• **WHAT YOU NEED TO DO**
Copy out precisely the lines from the start of the data through the line with "A soft, ethereal", and keep pictures out of it.

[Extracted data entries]
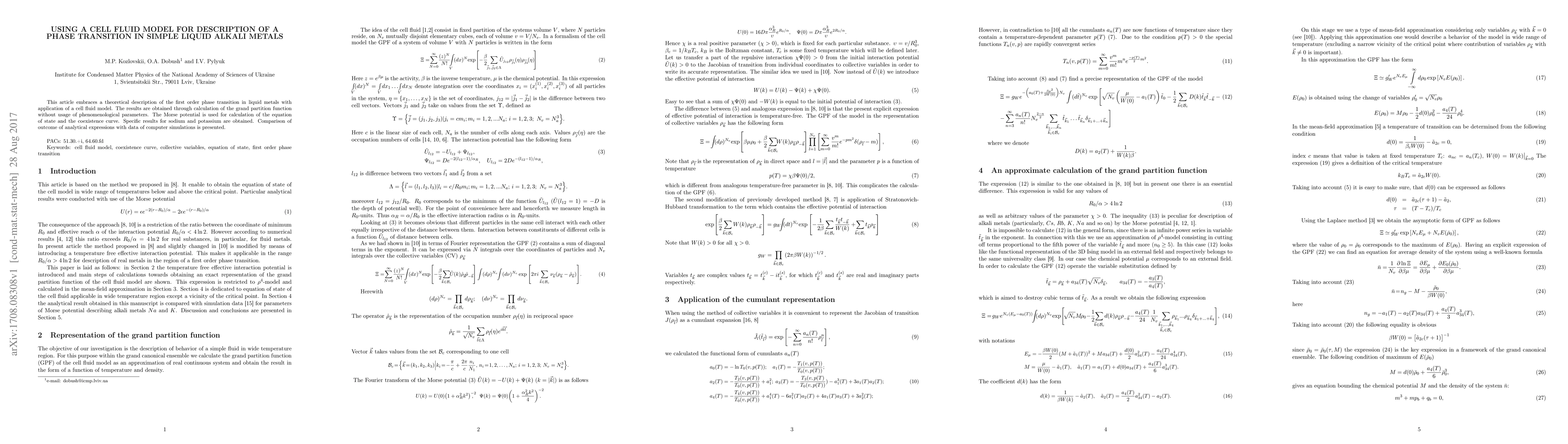 This article embraces a theoretical description of the first order phase transition in liquid metals with application of a cell fluid model. The results are obtained through calculation of the grand partition function without usage of phenomenological parameters. The Morse potential is used for calculation of the equation of state and the coexistence curve. Specific results for sodium and potassium are obtained. Comparison of outcome of analytical expressions with data of computer simulations is presented.
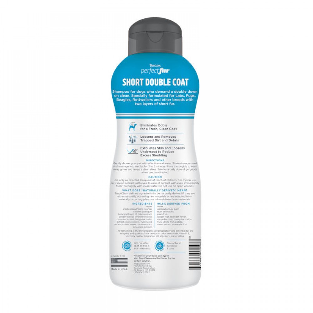 Σαμπουάν ειδικά σχεδιασμένο για σκύλους με κοντό, διπλό μανδύα. Παράγεται από φυσικά συστατικά. Εμπλουτισμένο με φυσικά συστατικά για να επαναφέρει τη φυσική υγρασία του δέρματος. Καθαρίζει σε βάθος τα κατοικίδια κάνοντας πλούσιο αφρό.Το ελαφρύ τροπικό άρωμα αφήνει αίσθηση φρεσκάδας και αναζωογόνησης στο ζωάκι σας. Ιδανικό για φυλές με κοντό τρίχωμα όπως: labs, pugs, beagles, rottweilers.
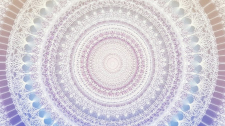 A soft, ethereal background composed of concentric circular lace patterns with a gentle gradient of pastel purple and blue.
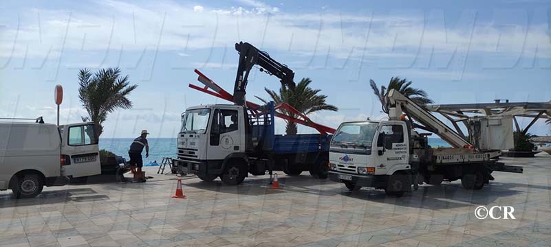 Aquest matí, operaris de la Brigada d’Obres i Serveis han començat els treballs per a poder reparar la farola situada al Passeig Colom.
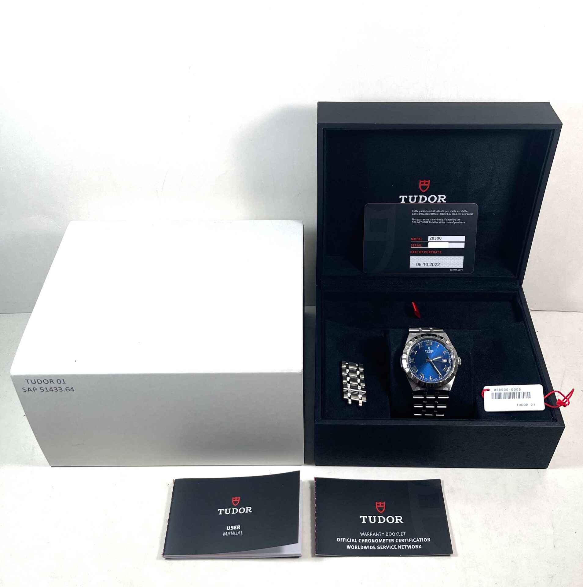 this tudor is new with stickers and comes with its box, booklets, hang tag, spare links, and warranty card dated october 6th, 2022. This watch is in stock and available to ship immediately!
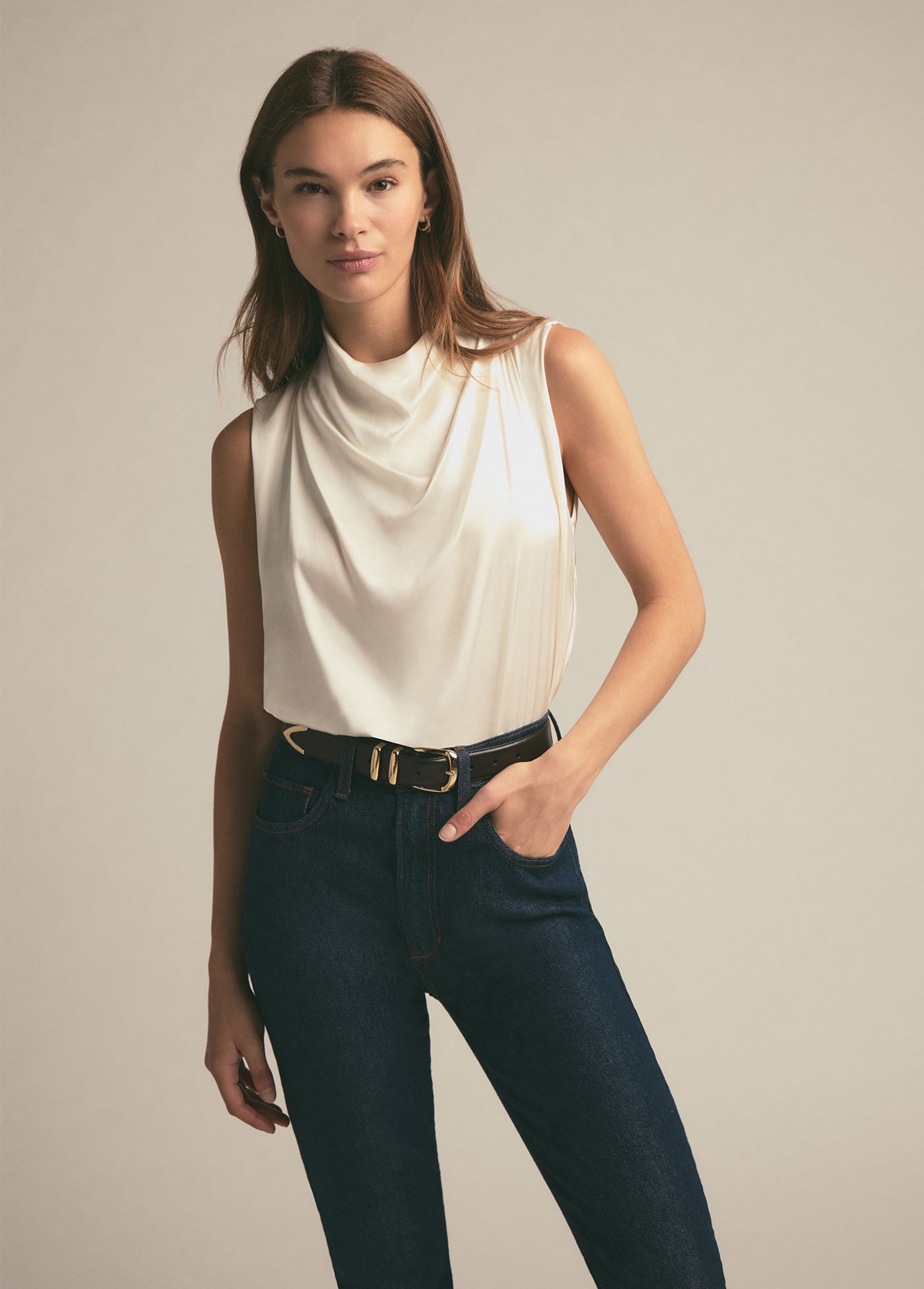 The Alice Top, cut from a comfort viscose blend, is a favorite on its own and looks especially great when paired with a blazer. Slim fit, sleeveless styling and the perfect amount of drape detailing.
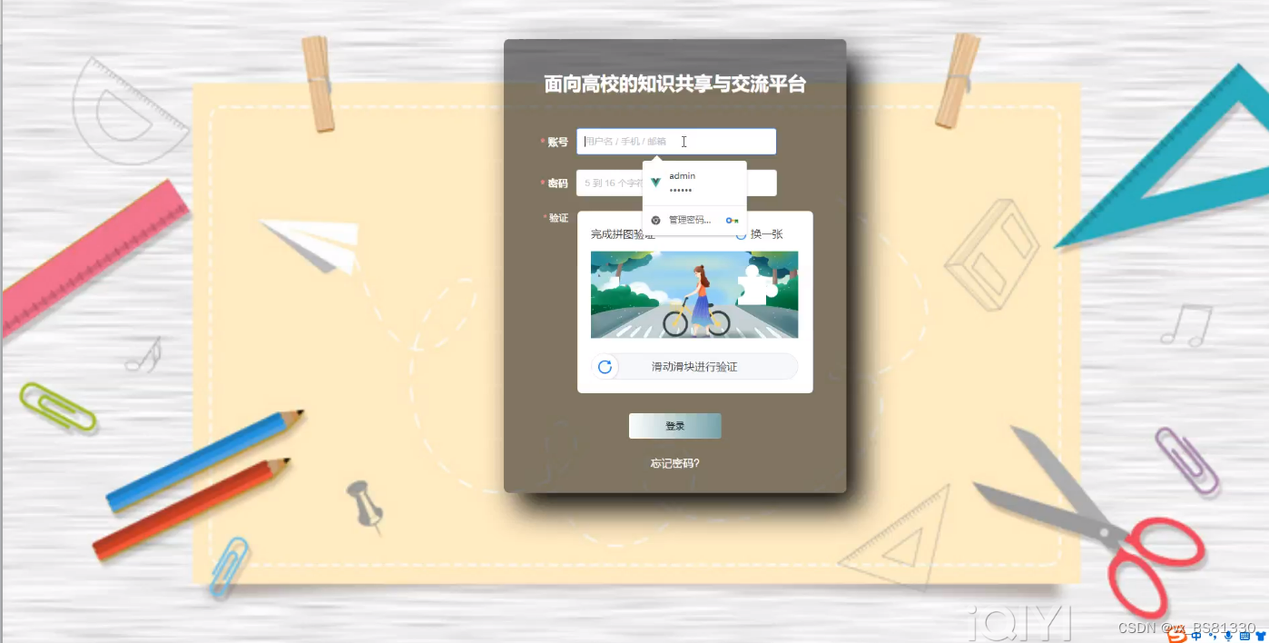 面向高校的知识共享与交流平台的使用界面简单易于操作,采用常见的界面窗口来登录界面,通过电脑进行访问操作,用户只要平时使用过电脑都能进行访问操作。此系统的开发采用springboot技术开发,人性化和完善化是B/S结构开发比较显要的特点使得用户操作相比较其他更加简洁方便。易操作、易管理、交互性好在本系统操作上体现得淋漓尽致。
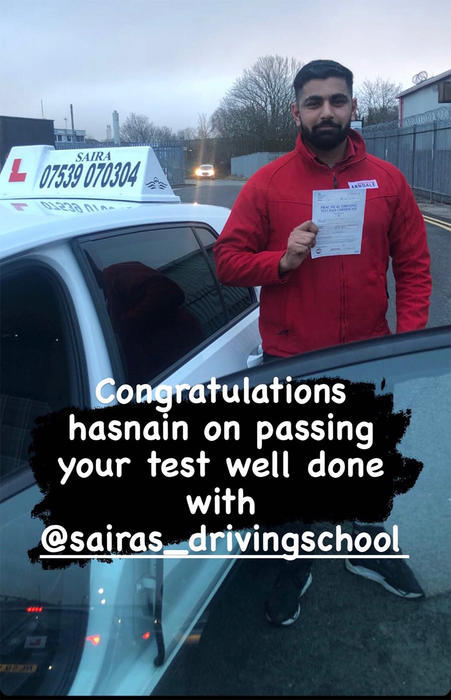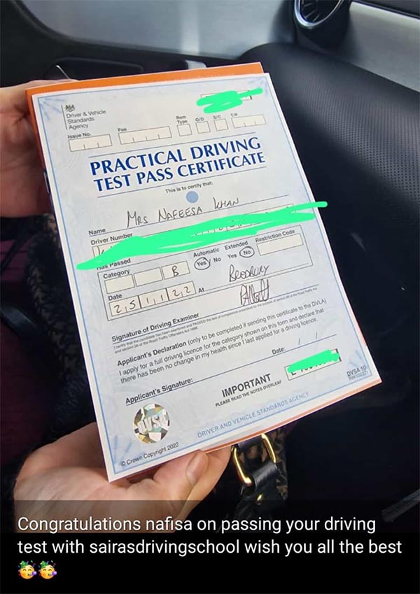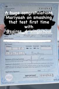 Thank you Saira. This wouldn't have happened without your lessons. Highly recommended driving school in Manchester.

• **ANSWER SECTION**
 This article embraces a theoretical description of the first order phase transition in liquid metals with application of a cell fluid model. The results are obtained through calculation of the grand partition function without usage of phenomenological parameters. The Morse potential is used for calculation of the equation of state and the coexistence curve. Specific results for sodium and potassium are obtained. Comparison of outcome of analytical expressions with data of computer simulations is presented.
 Σαμπουάν ειδικά σχεδιασμένο για σκύλους με κοντό, διπλό μανδύα. Παράγεται από φυσικά συστατικά. Εμπλουτισμένο με φυσικά συστατικά για να επαναφέρει τη φυσική υγρασία του δέρματος. Καθαρίζει σε βάθος τα κατοικίδια κάνοντας πλούσιο αφρό.Το ελαφρύ τροπικό άρωμα αφήνει αίσθηση φρεσκάδας και αναζωογόνησης στο ζωάκι σας. Ιδανικό για φυλές με κοντό τρίχωμα όπως: labs, pugs, beagles, rottweilers.
 A soft, ethereal background composed of concentric circular lace patterns with a gentle gradient of pastel purple and blue.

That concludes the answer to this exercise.